Supplied information:
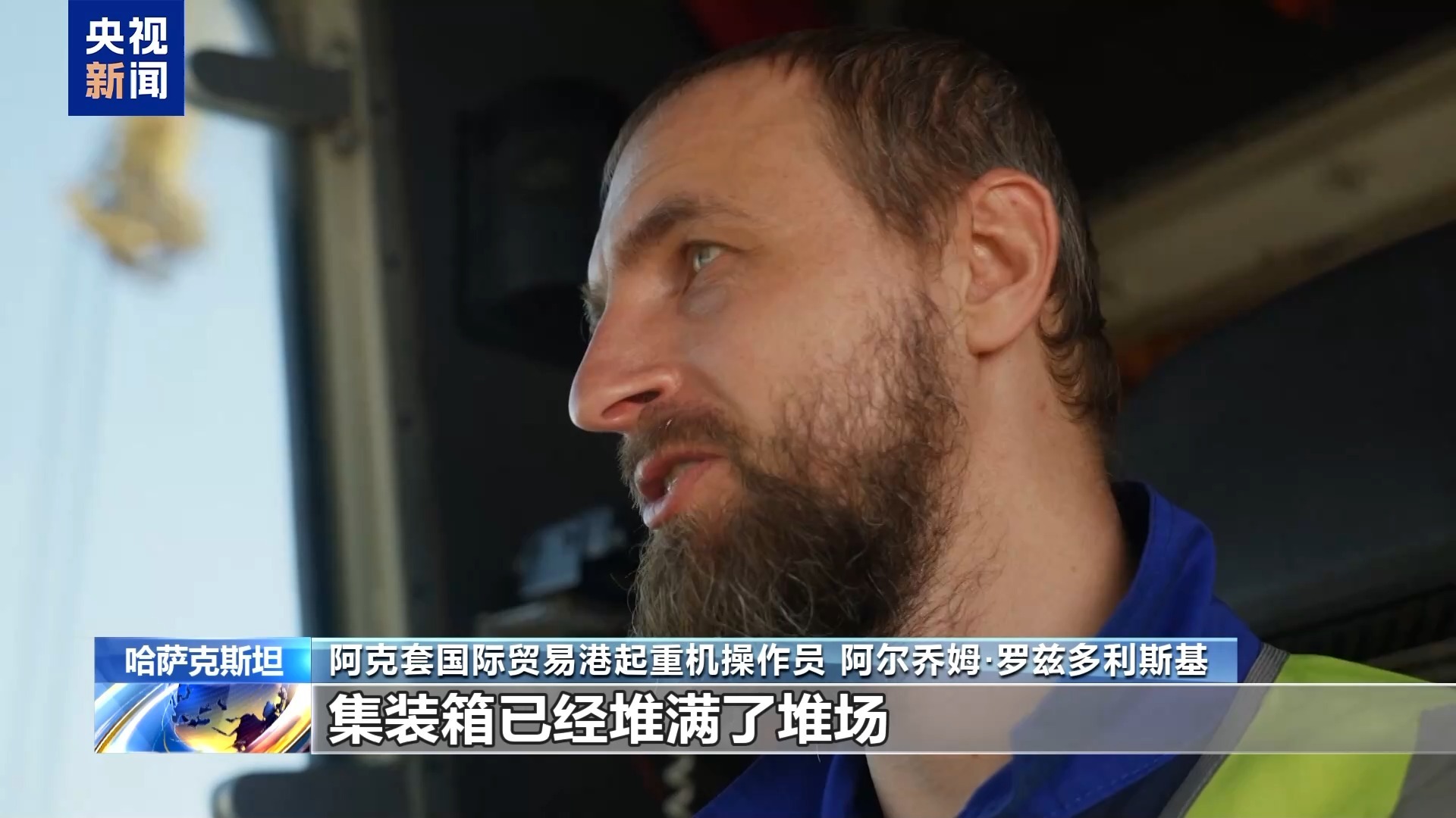 阿克套国际贸易港起重机操作员 阿尔乔姆·罗兹多利斯基:你可以看到,集装箱已经堆满了堆场,数量较以往大幅增加。现在我们的任务是把集装箱装上驳船,还剩下大约54个箱子要装运,希望能在换班前装完。
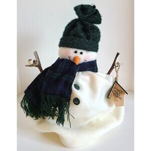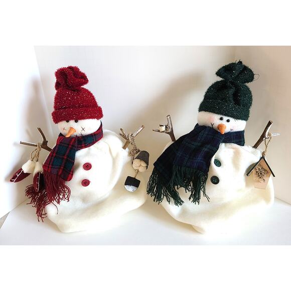 Really cute matching pair of "country chic" snowmen crafted from fabric and felt. Each are approximately 11" high x 8" wide and both feature a small, cylindrical sandbag hidden in the middle to keep them upright, ensuring they stay in place. The fabric all around on the bottom is draped and moveable, allowing you to rearrange it to suit your taste. Snowman with the red plaid scarf holds mittens and a bucket of snowballs with a shovel. Snowman with the green plaid scarf holds a small bird in a nest and a birdhouse. Both are in like new condition with no rips, tears, stains, snags, pilling or other blemishes.
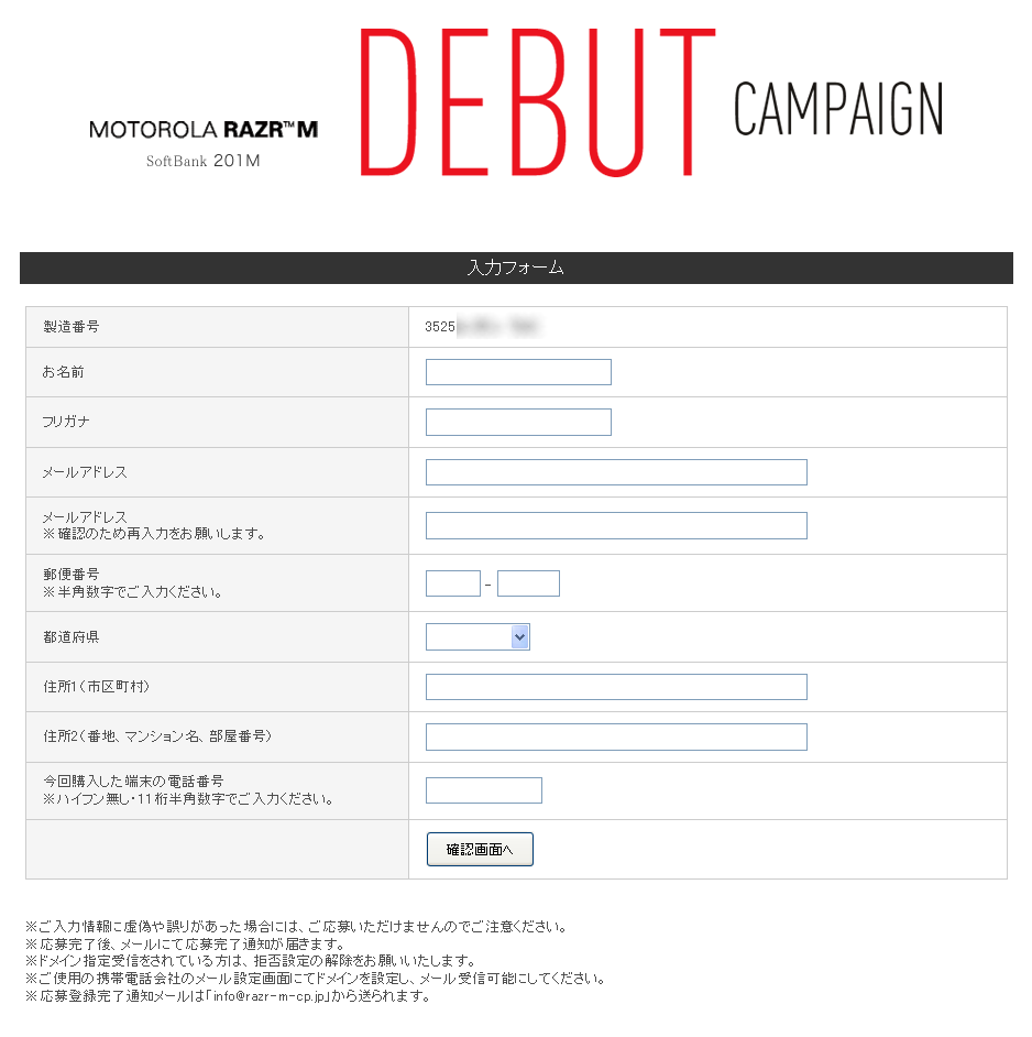 応募については、まずキャンペーンページにアクセスして「詳細・応募ページへ」をクリック、推移した詳細画面でプレゼントの詳細な内容や注意事項などに一通り目を通しておく。このページで購入した201Mの製造番号(IMEI)を入力して「入力画面へ進む」をクリックする。

Work instruction: This task calls for an exact copy of the data above, without pictures.

Answer area:
 阿克套国际贸易港起重机操作员 阿尔乔姆·罗兹多利斯基:你可以看到,集装箱已经堆满了堆场,数量较以往大幅增加。现在我们的任务是把集装箱装上驳船,还剩下大约54个箱子要装运,希望能在换班前装完。
 Really cute matching pair of "country chic" snowmen crafted from fabric and felt. Each are approximately 11" high x 8" wide and both feature a small, cylindrical sandbag hidden in the middle to keep them upright, ensuring they stay in place. The fabric all around on the bottom is draped and moveable, allowing you to rearrange it to suit your taste. Snowman with the red plaid scarf holds mittens and a bucket of snowballs with a shovel. Snowman with the green plaid scarf holds a small bird in a nest and a birdhouse. Both are in like new condition with no rips, tears, stains, snags, pilling or other blemishes.
 応募については、まずキャンペーンページにアクセスして「詳細・応募ページへ」をクリック、推移した詳細画面でプレゼントの詳細な内容や注意事項などに一通り目を通しておく。このページで購入した201Mの製造番号(IMEI)を入力して「入力画面へ進む」をクリックする。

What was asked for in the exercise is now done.